I am a beginner to Pig and I am working with a large business data file. The business data file has cities from all over the world and I am looking to work with just the US cities. I have LOADED
both data sets successfully and am trying to iterate over the total business data file and remove all cities that are not in the US cities dataset.

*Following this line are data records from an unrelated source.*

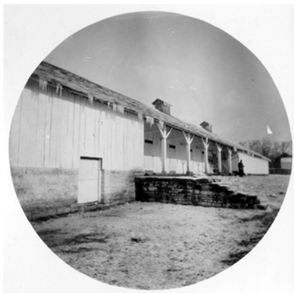
Figure 1. Exterior photograph of south side showing stalls (photo by M.H.Clay, circa 1895).

On its western end the barn foundations butted against a 25 x 46 foot dry stone foundation which originally stood to a height of about four feet and defined a floor 4 feet below the level of the aisle and stalls to the east. This room, the width of the barn and sheds, was at right angle to the longer structure. One photograph from about 1908 shows a “Little Giant” (or similar) brand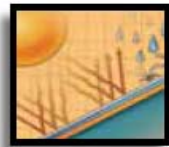
UV treated fabric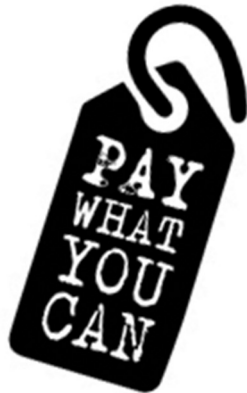
Benefits of CSDA Membership

Join the growing network of special districts through the Pay-What-You-Can membership offer. Simply choose the amount you can afford to pay to become a member of CSDA, and your entire district will receive access to CSDA's member benefits and value-added programs through December 2022!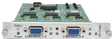
Professional CVBS Encoder Module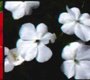
Impatiens Xtreme White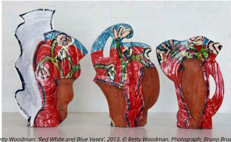
Betty Woodman: 'Red White and Blue Vases', 2013. © Betty Woodman.

Royal Academy of Arts. Jan 30 to Apr 20.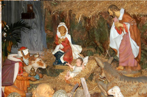
Above is the Scene at Martino in Monte, the Church of St. Gaspar's baptism.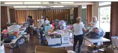
Taking down and packing up "unsold" merchandise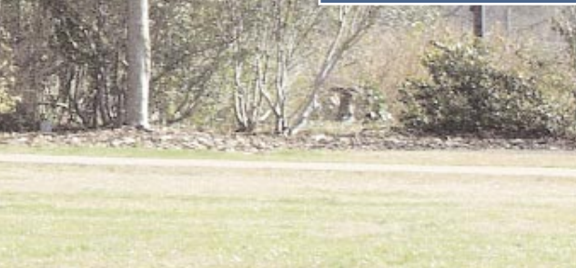
Above: Noah's Ark Rehabilitation Center and Children Care Homes, provides shelter and caring for 1,000 animals and a dozen children in need of foster care.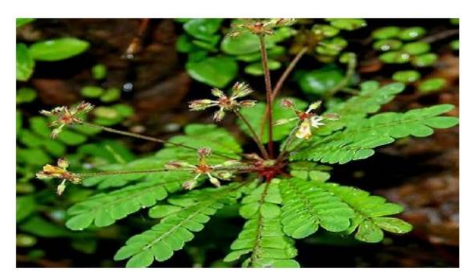
Fig. No. 10: Biophytum sensitivum linn.

of Biophytum sensitivum against zinc disc implantation-induced urolithiasis in rats was investigated.<sup>[12]</sup>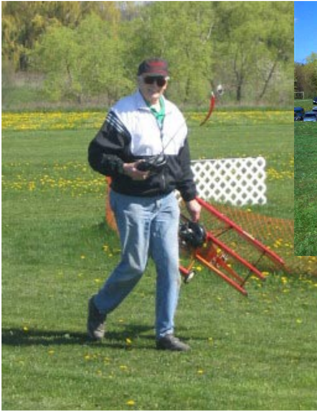
If I could just get it off the grass, it might fly...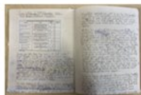
Figure 2: Rhys STTG

In Geography , children have been learning about human and physical geography with a focus on our local area. We have looked at maps of the area and identified the different features.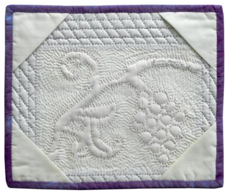
View of back of artwork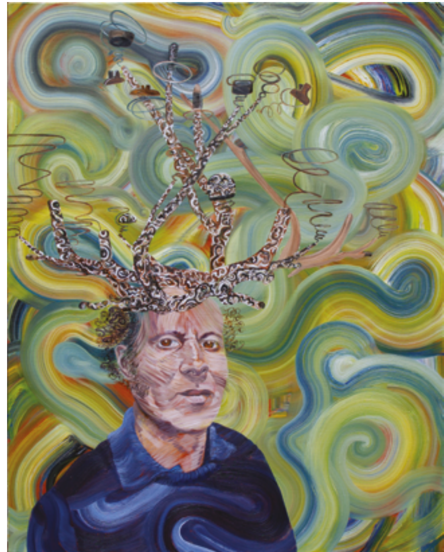
Sera ci 2020. 69,5 x 63 x 28 cm. Painted prunus branch, springs and balls, on charcoal. Le Myrobolan 2021. 95 x 73 cm. Oil on canvas mounted on a wooden frame.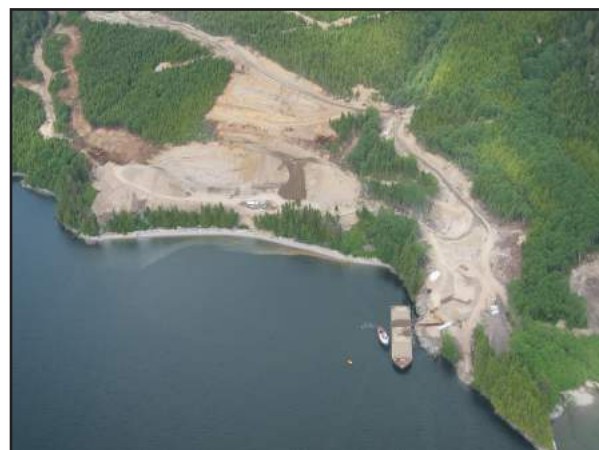
Swamp Point Aggregate Project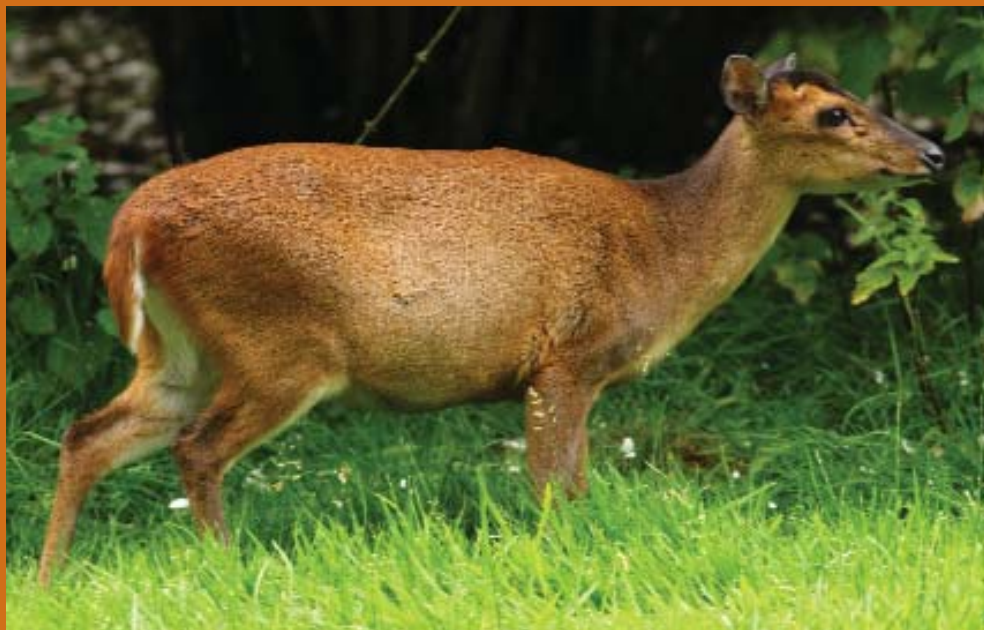
The introduced muntjac is now common in much of southern England. Dave and Brian Bevan

distinctive droppings, which often look like little fat wine bottles with a dimple at one end and a point at the other. Their footprints, called slots, resemble those of sheep but are more pointed.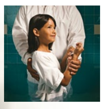
1. We are baptized and confirmed (see Matthew 3:16–17; John 3:5; 2 Nephi 31:5–18).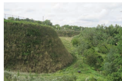
Southeast side of VRSS-2.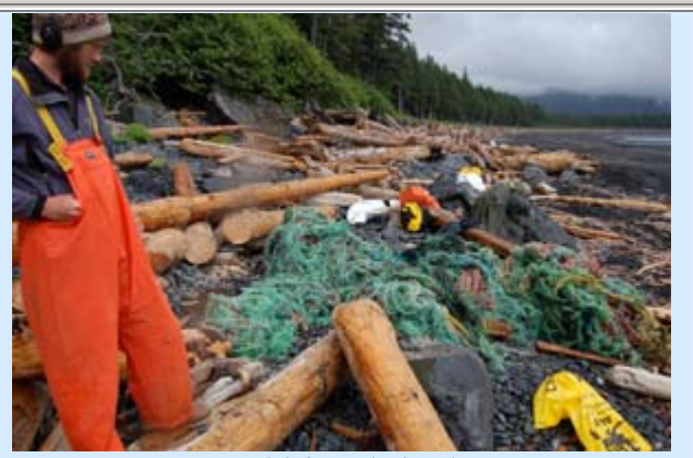
Net debris on the beach.

raw_bus_data = LOAD 'globalbus.json' USING com.twitter.elphantbird.pig.load.JsonLoader('-nestedLoad') as (row: map[]);
us_citystate = LOAD 'us.csv' USING PigStorage(',') AS (city:chararray, state:chararray);
I realize this next line doesn't work, but i'm trying to do something similar:
bus_us_data = FILTER raw_bus_data BY state == us_citystate state;
Is this something i would need to use FOREACH
for?
You can do an inner join which will effectively filter out any rows that don't contain a US state. Because us_citystate
has multiple rows for each state (one for each city), you will need to create a new relation B
that contains only one row per state or else you will duplicate rows from bus_us_data
. The code to do this and the inner join is:
A = FOREACH us_citystate GENERATE state;
B = DISTINCT A;
C = JOIN raw_bus_data BY state, B BY state;
bus_us_data = FOREACH C GENERATE
raw_bus_data::var1 AS var1,
raw_bus_data::var2 AS var2;
Where var1, var2, etc. are the fields you wish to retain from raw_bus_data
.